The UK's National Association of Pension Funds (NAPF) believes that a single market for pension in Europe is possible with a move to a Swiss style system of pensions provision.

The NAPF put forward an ambitious reform programme in its Pensions Green paper response published last month.

It advocates the introduction of a guaranteed level of state benefit to a maximum of 50% of national average earnings for low earners and a mandatory second pillar providing 75% of final earnings. Companies and groups providing adequate second pillar support could opt out of the latter. The NAPF suggests a timetable for members states of 10 to 20 years.
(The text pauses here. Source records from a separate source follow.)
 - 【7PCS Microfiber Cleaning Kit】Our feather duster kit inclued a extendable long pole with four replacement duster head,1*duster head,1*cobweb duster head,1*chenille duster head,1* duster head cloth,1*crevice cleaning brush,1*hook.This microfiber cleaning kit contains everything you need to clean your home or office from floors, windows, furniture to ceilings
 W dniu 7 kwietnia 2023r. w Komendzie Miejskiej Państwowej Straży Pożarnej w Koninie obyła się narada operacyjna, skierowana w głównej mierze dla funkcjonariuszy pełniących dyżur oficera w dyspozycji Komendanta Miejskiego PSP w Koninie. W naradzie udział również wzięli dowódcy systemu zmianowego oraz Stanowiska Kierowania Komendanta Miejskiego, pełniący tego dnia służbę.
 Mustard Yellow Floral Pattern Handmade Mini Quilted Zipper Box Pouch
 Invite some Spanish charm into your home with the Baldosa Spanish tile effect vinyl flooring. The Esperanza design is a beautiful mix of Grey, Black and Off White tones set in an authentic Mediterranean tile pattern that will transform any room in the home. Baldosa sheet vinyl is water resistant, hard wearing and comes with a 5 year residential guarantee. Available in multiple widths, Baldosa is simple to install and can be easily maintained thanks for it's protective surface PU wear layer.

This type of system has been operational in Switzerland for the last ten years and has been successful in ensuring full coverage," says the paper. In addition all countries should operate under a mutually recognised system of national regulation allowing investment on a prudent principle that places no obstacles to foreign investment. That prudence should be provided by international diversification.

Loss of domestic pension investment of 20 to 30% will be compensated by increased overseas investment flows into Europe's more efficient capital markets, the paper adds.

The association stressed that is does not want the initiative to fall by the wayside. Ray Martin, the NAPF International Standing Group chairman said: "We have put forward a workable framework, but urge the Commission not to let these submissions sit on a shelf to gather dust."

On the divisive issue of insurance requirements, the NAPF says that it sees no reason for a different treatment of insurers in the 2nd pillar except where a guarantee of capital or future return is given."